Las predicciones económicas son negocio de tontos. Y a menudo quienes atinan a los números (el lugar en qué lógica y azar se embrollan entre sí) lo hacen por razones que no habían considerado. Y sin embargo, es inevitable proyectar la mirada al futuro para dar alguna consistencia a las decisiones del presente o simplemente para entender la naturaleza de las tensiones que lo modifican. Los economistas, y en general los observadores económicos, están condenados a decir (o peor, escribir) cosas que el tiempo mostrará inexactas. Apuremos aquí también, por deber y vicio profesional, el trago que el paso de tiempo revelará probablemente amargo.
Una cosa parecería razonable esperar para las economías latinoamericanas en ese año que, bajo el signo del tigre chino, acaba de iniciar: un retroceso del crecimiento previsto hasta pocas semanas atrás. La crisis asiática está destinada a afectar el desempeño económico latinoamericano por lo menos en tres sentidos: a) reduciendo el dinamismo de las importaciones de Asia oriental de distintas partes del mundo, b) fortaleciendo la competitividad asiática debido a la devaluación de las monedas locales y c) obligando a las economías latinoamericanas a incrementar sus tasas de interés (y reducir sus gastos públicos) para prevenir posibles salidas de capitales de la región.

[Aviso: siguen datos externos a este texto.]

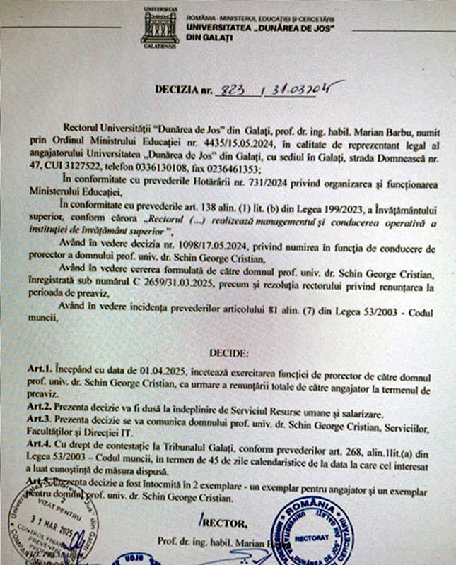 Contactat telefonic de Alternativa – Jurnalism fără mogul, prorectorul George Schin, a cărui activitate va înceta de mâine, 1 aprilie 2025, nu a dorit să dezvolte subiectul demisiei sale neașteptate.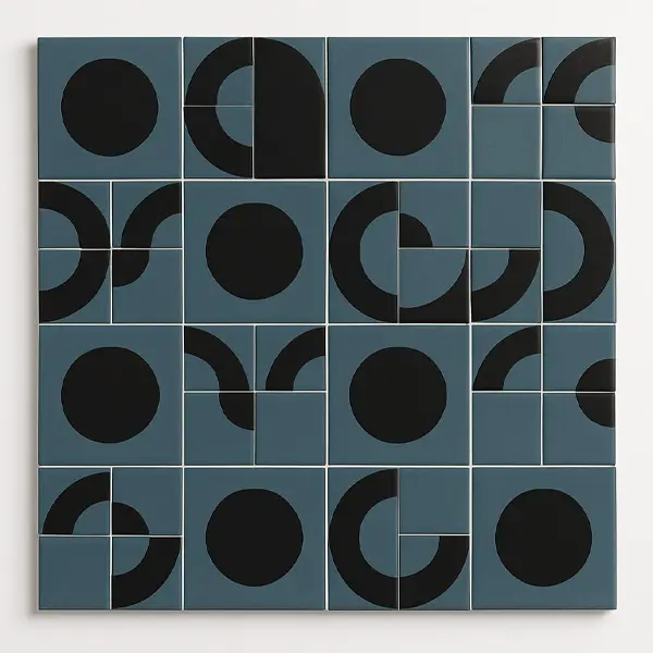 در این تکنیک، رنگها و فرمها بهصورت دستی روی سطح کاشیها نقاشی میشوند و سپس با پخت در کوره تثبیت میگردند. کاشی هامون با بهرهگیری از ترکیب رنگی عمیق – آبی خاکستری مات و مشکی یکدست – و استفاده از موتیفهای دایرهای، قوسدار و مینیمال، حس تعادل، تکرار و هارمونی بصری را القا میکند.

Por razones diferentes es probable que Brasil y Chile resulten las economías más afectadas. Brasil, por su elevado déficit presupuestal y su persistente sobrevaluación cambiaria (circunstancias que vuelven el país vulnerable frente a posibles ataques especulativos) y Chile, por su elevada dependencia de las exportaciones hacia el área asiática. Es obvio que si la predicción se cumpliera y el PIB brasileño pasara del 3.5 por ciento de 1997 a un crecimiento cercano al 1 por ciento este año, los efectos de este retroceso se extenderían a todas las economías regionales (y a Argentina, en primer lugar) altamente dependientes de sus exportaciones al mercado brasileño.
Pero, obviamente, las cosas son más complejas. Considerando el elevado grado de vinculación entre la economía latinoamericana y la estadunidense, es posible que los mayores efectos de la crisis asiática lleguen a América Latina vía Estados Unidos. Y, en este sentido, la incógnita mayor podría residir más en Estados Unidos que en Asia. Y aquí las señales son, como siempre, ambiguas. Todos los observadores prevén una pérdida de dinamismo del PIB estadunidense para 1998. Sin embargo, también es cierto que la economía de Estados Unidos ya lleva siete años de crecimiento ininterrumpido y que el presupuesto equilibrado que el presidente Clinton acaba de presentar, además del reciente comportamiento positivo tanto de la producción industrial como del empleo, indican una economía que no parecería estar a punto de una inversión cíclica. Es posible entonces que durante 1988 el crecimiento del PIB de Estados Unidos no se aleje mucho de un 3 por ciento que, de concretarse, constituiría un ancla importante para evitar que la evolución de la crisis asiática impacte severamente sobre América Latina.
Y, para insistir en los componentes positivos, es inevitable señalar las expectativas favorables relativas a las economías europeas. Todo apunta a que las economías de Francia, Alemania, Inglaterra, Holanda y, tal vez, Italia, puedan repuntar este año hacia un crecimiento cercano al 3 por ciento, respecto al 2-2.5 por ciento del año pasado.
En síntesis --y haciendo a un lado el comportamiento errático que podría caracterizar a los movimientos internacionales de capital-- los peligros asiáticos que se ciernen sobre América Latina podrían ser compensados en los próximos meses por la continuación del ciclo expansivo de Estados Unidos y por la prevista recuperación europea. Los problemas regionales mayores siguen viniendo de adentro: de la crónica desatención a la agricultura, del escaso consenso social alrededor de las políticas económicas, de la continuada distribución regresiva del ingreso, del recurrente uso del tipo de cambio como instrumento antinflacionario. En fin, lo de siempre.